Entitled: Splatter Scintillation
Fandom: Final Fantasy VII
Length: 2,700 words
Disclaimer: I do not own Final Fantasy VII and etc.
Notes: For Ali. I got lazy, so all ten prompts get to be squished together.


—ONE; cell

She has a good smile for the cameras. Open, friendly, and only a little stiff at the edges. She's a pretty girl. Pretty enough to keep Cloud silent for the rest of the day and it's, hey, did you know her? and a whispered, please, don't.

So he doesn't.

What he does to is get the girl's phone number, writes his in silly cursive numbers across her arm while she flushes, blushes, looks at the floor—hey, he can see the appeal. She isn't Aerith of course, no way, he's not the type of guy who'd go around blending girl's faces together for his own comforts, but she has her own sweet, naïve kind of charm.

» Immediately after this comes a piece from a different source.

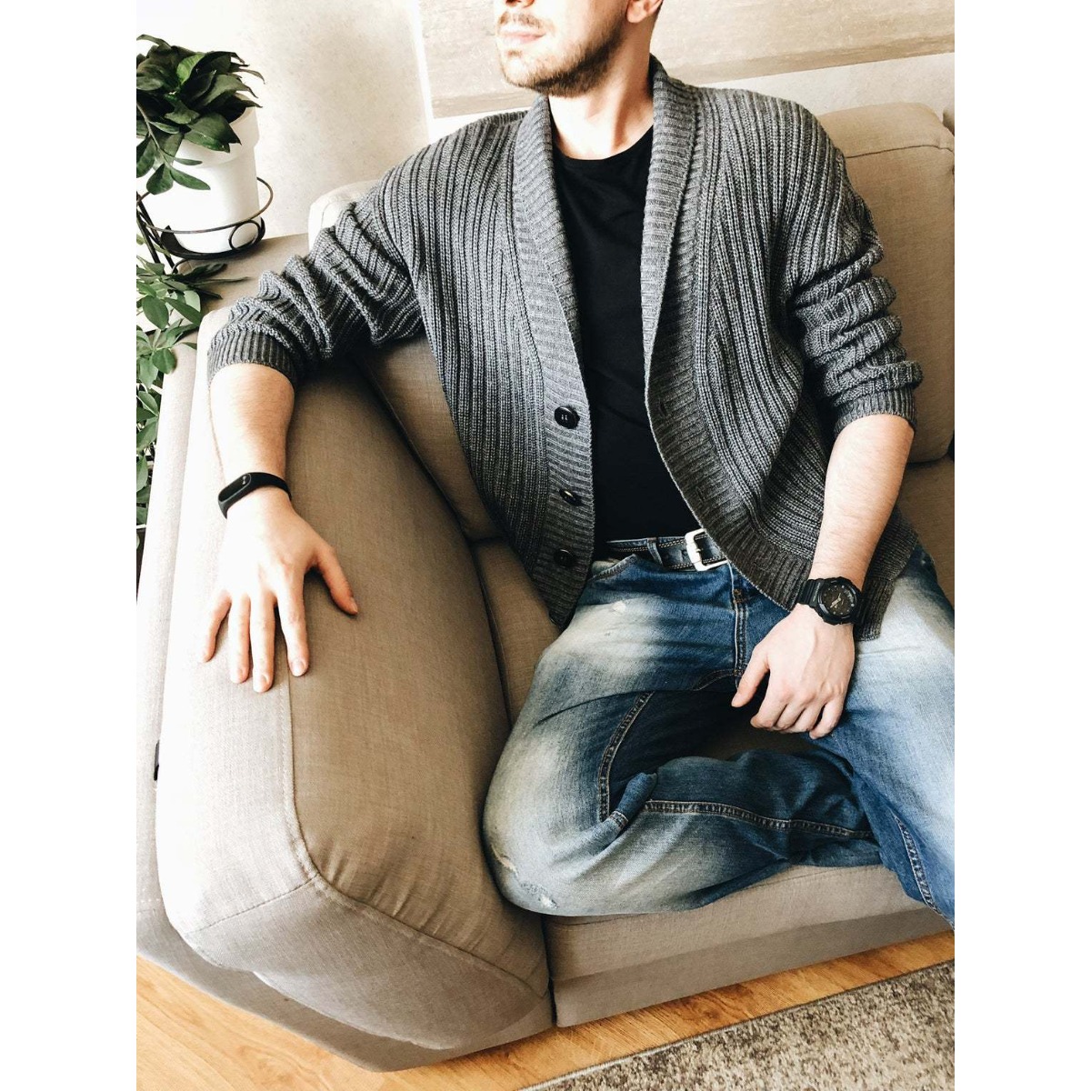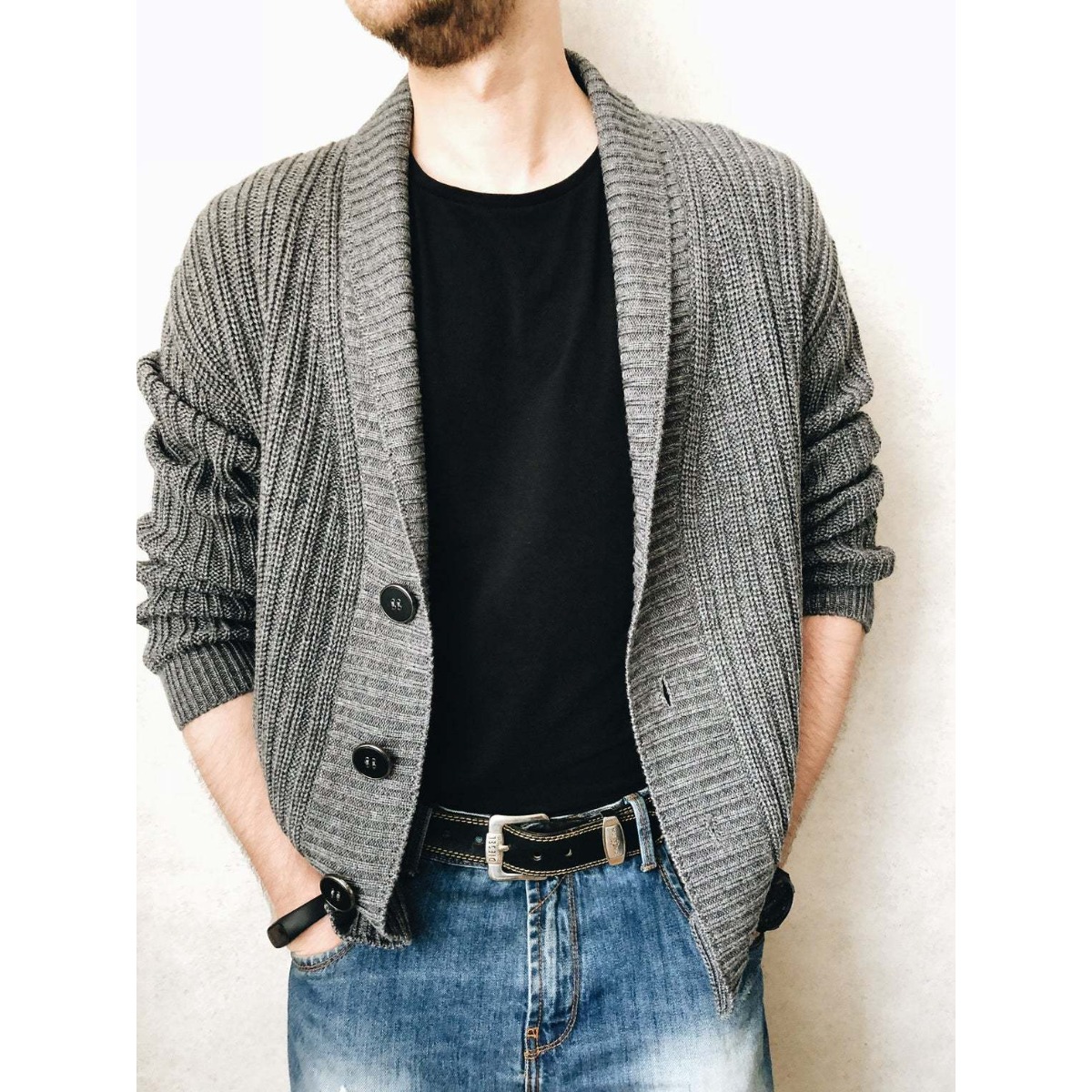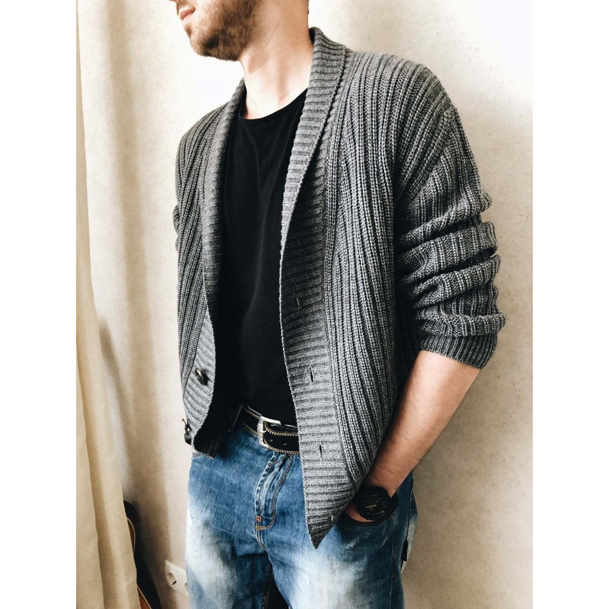Men'S Oversized Two-Tone Knit Cardigan Sweater - V-Neck Button-Front Closure, Cozy Winter Pullover with Chest Pocket, Slim-Fit Casual Sweater for Coffee Dates & Weekend Outings, Y2K Retro Layered Outfits (Autumn/Winter) - Solid Color Block Design

Here you go, he tosses the number at Cloud's head. It bounces off and falls to the floor. Cloud looks down, and his brow puckers with his lips, his hands tighten, and his voice comes out pinched when, you shouldn't have done that.

Some people just need a little push. So he makes no promises. He can feel Cloud looking at his back, betrayed and accusing, and tells himself not to care. It's for the kid's own good. He needs to learn to seize the day.

Maybe he'll take Tifa out to lunch.


—TWO; deviate

She thinks of Cloud through caviar. She's never had it before. When she adds a little salt, the look on Zack's face is enough to make her snort into her water glass. It's horribly embarrassing. She rubs at her arm, over his number, written so big it'll be a wonder if the whole town doesn't up and call him.

Do you know a boy, she asks carefully, with spiky blond hair? He'd be about her age. She wasn't quite sure if Cloud was even alive anymore—if the stream of progressively terser letters came from him or some sadistic, twisted asshole of a cadet.

Oh, yeah, Zack says, with a shrug, don't worry about him.

Her shoulders relax. She adds more salt. Zack winces. Is he your boyfriend or something?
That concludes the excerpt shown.